# Homework Help: Linear acceleration, Angular acceleration, tension.

1. Feb 6, 2017

### tom_m132

1. The problem statement, all variables and given/known data
A mass of 0.5 kg is suspended from a flywheel as shown in FIGURE 2.
If the mass is released from rest and falls a distance of 0.5 m in 1.5 s.
Mass of wheel: 3kg
Outside rad. of gyration of wheel: 300mm

calculate:

(a) The linear acceleration of the mass.
(b) The angular acceleration of the wheel.
(c) The tension in the rope.
(d) The frictional torque, resisting motion

2. Relevant equations

a = u t + 2s / t^2
alpha = a / r

3. The attempt at a solution

a. a = u t + 2s / t^2
= 0.444 m s^-2

b. alpha = a r
= 0.444 / 0.3

c. Now I have found online that this is T = m (g - a) However neither my learning materials or the online answers I have found offer an explanation of this, other than it being derived from the second law F = m a. Any explanation on this would be appreciated, as I am not willing to use an answer I do not understand.

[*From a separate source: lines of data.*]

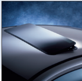
Sunroof panel vents or opens fully.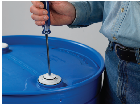
1. Turn shipping plug counterclockwise to remove. Use a large flat blade, #4 Phillips screwdriver or coin.)

Remove the shipping plug from the drum insert assembly, then connect the DrumQuik PRO coupler, locking it into place.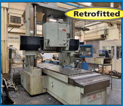
SIP Model 7R High Column CNC Vertical Jig

Machine Accessories; 12" Tsudakoma Model RB300L 4th-Axis Table, 30" Hydraulic Rotary Table, No. 50 Holders, Vises, Angle Plates, Setup Equipment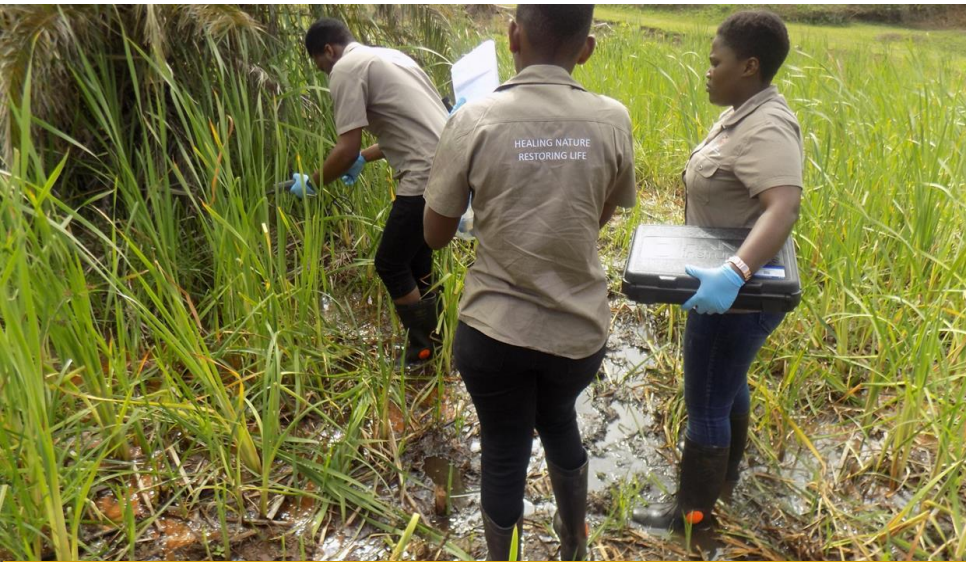
Ecosystems Rehabilitation and Restoration Project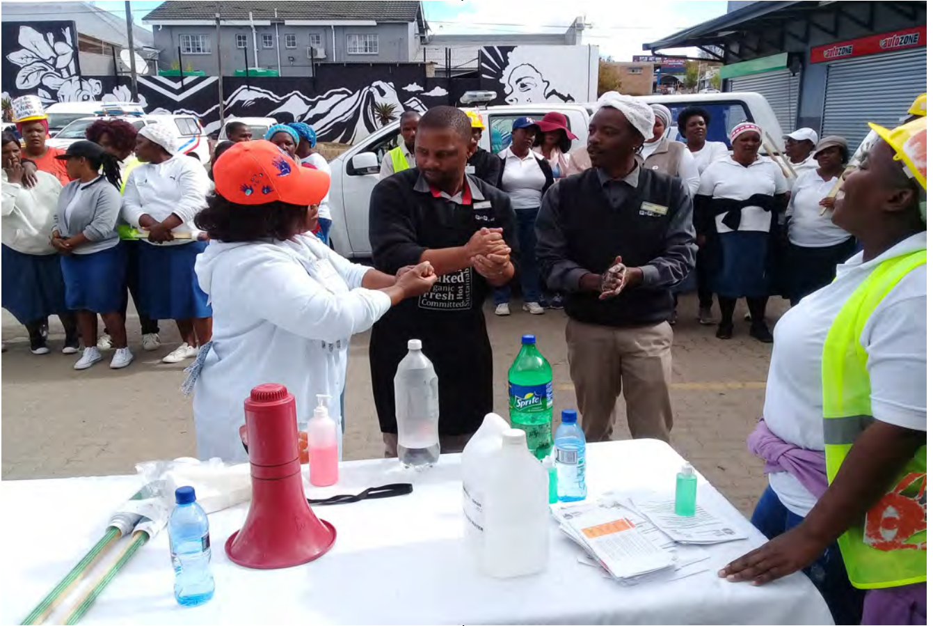
Pick n Pay kitchen staff washing their hands using a Tippy Tap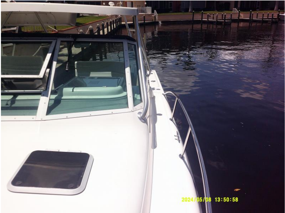
Tiara 3100 Open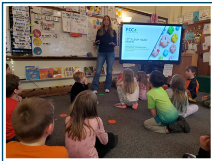
Luther Elementary School

880 financial literacy workbooks provided to local schools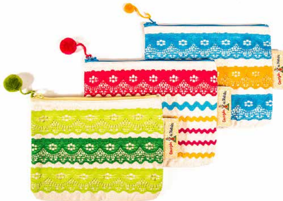
"Lace" ric rac vanity case (ECPAPL)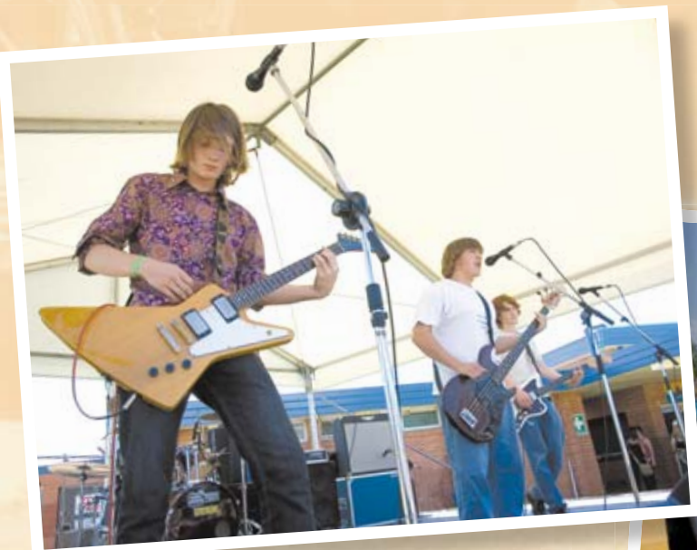
Local band Peyote rocked into the afternoon.

d. I am yet to try this one so am not yet looking for help, no doubt I will need it soon.

I am aware these have been answered elsewhere before, but as I said I am looking to understand c. specifically.

2. Feb 6, 2017

### BvU

Hello Tom,

I wonder what u is in your step a) and in your first relevant equation. Must be something from SUVAT and must be zero; am I right ?
Can't find fault with your a) and b) answers, so if we aren't both wrong, all is OK there

For c) the conceptual thing to do is draw a free body diagram for the 0.5 kg mass. Can you post it ?
The complementary FBD is for the rope revving up the wheel. That'll come in handy for part d), too.

3. Feb 6, 2017

### tom_m132

Hello and thank-you!

The U in my step is is the initial velocity value, which in this case is 0 so becomes irrelevant.

I have this picture from the question:

I understand how the acceleration of the mass due to gravity acts upon the 0.5kg mass and causes the F = m g to act upon the rope, however its the subtraction of the mass times the acceleration I do not understand, I thought if anything that would also be causing tension on the rope rather than negating it as the acceleration is in the same x direction!

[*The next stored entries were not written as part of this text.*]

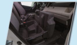
Seat Under Compartment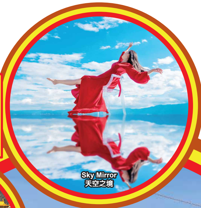
Sky Mirror 天空之境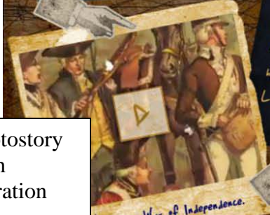
The American War of Independence.

August 1812 Once again, peace has disappeared and we will enter yet another war. Tensions between Britain and America have heated up and they cannot get along for many reasons. It has been rumored that the British have even been taking Americans against their will and making them work in the British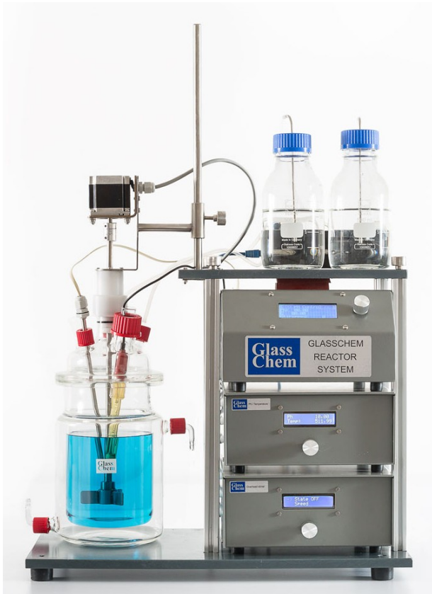
Reactor lowered in working position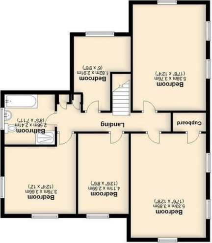
First Floor Approx. 95.2 sq. metres (1022.7 sq. feet)

10 Market Hill Diss Norfolk IP22 4WJ 01379 641341 prop@twgaze.co.uk

I'm sure there is something glaringly obvious I am missing!

Edit: I am not sure if it is to do with the mass of the flywheel oposing the freefall of the object perhaps?

4. Feb 6, 2017

### BvU

Not correct. $mg$ acts on the mass, not on the rope.

THE free body diagram I am waiting for () shows two forces acting on the 0.5 kg mass: the force of gravity and the tension in the rope.
The equation of motion for this mass is simply $F_{\rm net} = ma$

5. Feb 6, 2017

### tom_m132

Ohh!
Gravity is acting on the mass pulling it downwards, however as we calculated it is only accelerating at 0.44 m s ^-2 not 9.81 m s ^-2 therefore the rope is subject to the tensional force of the difference between the two once plugged into the second law?
I have drawn a FBD (which is how I arrived at this conclusion) Not sure if it's quite right but it worked (assuming I am on the right track!)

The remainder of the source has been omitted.